== Segment start ==
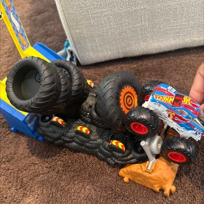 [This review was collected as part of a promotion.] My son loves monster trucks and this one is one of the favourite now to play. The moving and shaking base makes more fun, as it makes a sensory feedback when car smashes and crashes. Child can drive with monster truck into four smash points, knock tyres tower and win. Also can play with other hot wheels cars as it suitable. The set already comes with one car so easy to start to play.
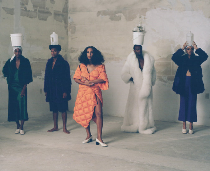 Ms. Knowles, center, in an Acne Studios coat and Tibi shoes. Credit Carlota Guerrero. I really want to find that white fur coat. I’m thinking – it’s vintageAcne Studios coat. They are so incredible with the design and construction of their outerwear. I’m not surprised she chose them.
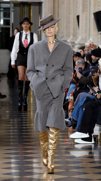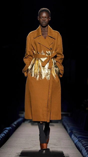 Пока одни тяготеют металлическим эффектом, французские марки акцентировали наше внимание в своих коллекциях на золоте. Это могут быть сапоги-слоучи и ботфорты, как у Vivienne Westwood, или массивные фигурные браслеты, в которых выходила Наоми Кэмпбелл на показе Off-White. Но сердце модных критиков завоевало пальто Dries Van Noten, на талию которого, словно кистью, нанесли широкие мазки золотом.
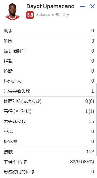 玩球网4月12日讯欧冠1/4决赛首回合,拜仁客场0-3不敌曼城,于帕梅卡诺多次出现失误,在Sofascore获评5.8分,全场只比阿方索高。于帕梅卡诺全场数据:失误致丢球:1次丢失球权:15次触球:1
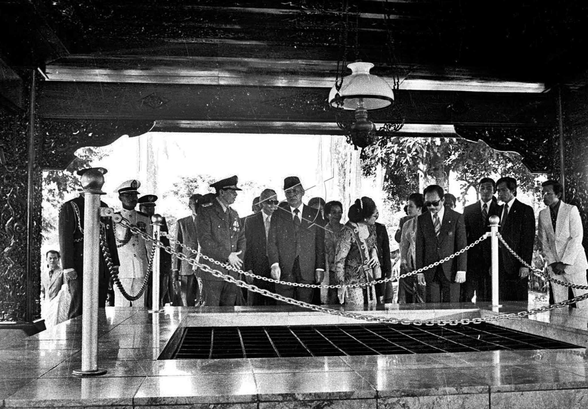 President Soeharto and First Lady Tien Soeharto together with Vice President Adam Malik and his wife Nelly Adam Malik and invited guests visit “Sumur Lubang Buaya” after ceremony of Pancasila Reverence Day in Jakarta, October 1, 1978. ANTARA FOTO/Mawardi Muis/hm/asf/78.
== Segment end ==
> _What the task asks_: Exactly as given, transcribe every line of the data, but not its images.

> _Task response_:
 [This review was collected as part of a promotion.] My son loves monster trucks and this one is one of the favourite now to play. The moving and shaking base makes more fun, as it makes a sensory feedback when car smashes and crashes. Child can drive with monster truck into four smash points, knock tyres tower and win. Also can play with other hot wheels cars as it suitable. The set already comes with one car so easy to start to play.
 Ms. Knowles, center, in an Acne Studios coat and Tibi shoes. Credit Carlota Guerrero. I really want to find that white fur coat. I’m thinking – it’s vintageAcne Studios coat. They are so incredible with the design and construction of their outerwear. I’m not surprised she chose them.
 Пока одни тяготеют металлическим эффектом, французские марки акцентировали наше внимание в своих коллекциях на золоте. Это могут быть сапоги-слоучи и ботфорты, как у Vivienne Westwood, или массивные фигурные браслеты, в которых выходила Наоми Кэмпбелл на показе Off-White. Но сердце модных критиков завоевало пальто Dries Van Noten, на талию которого, словно кистью, нанесли широкие мазки золотом.
 玩球网4月12日讯欧冠1/4决赛首回合,拜仁客场0-3不敌曼城,于帕梅卡诺多次出现失误,在Sofascore获评5.8分,全场只比阿方索高。于帕梅卡诺全场数据:失误致丢球:1次丢失球权:15次触球:1
 President Soeharto and First Lady Tien Soeharto together with Vice President Adam Malik and his wife Nelly Adam Malik and invited guests visit “Sumur Lubang Buaya” after ceremony of Pancasila Reverence Day in Jakarta, October 1, 1978. ANTARA FOTO/Mawardi Muis/hm/asf/78.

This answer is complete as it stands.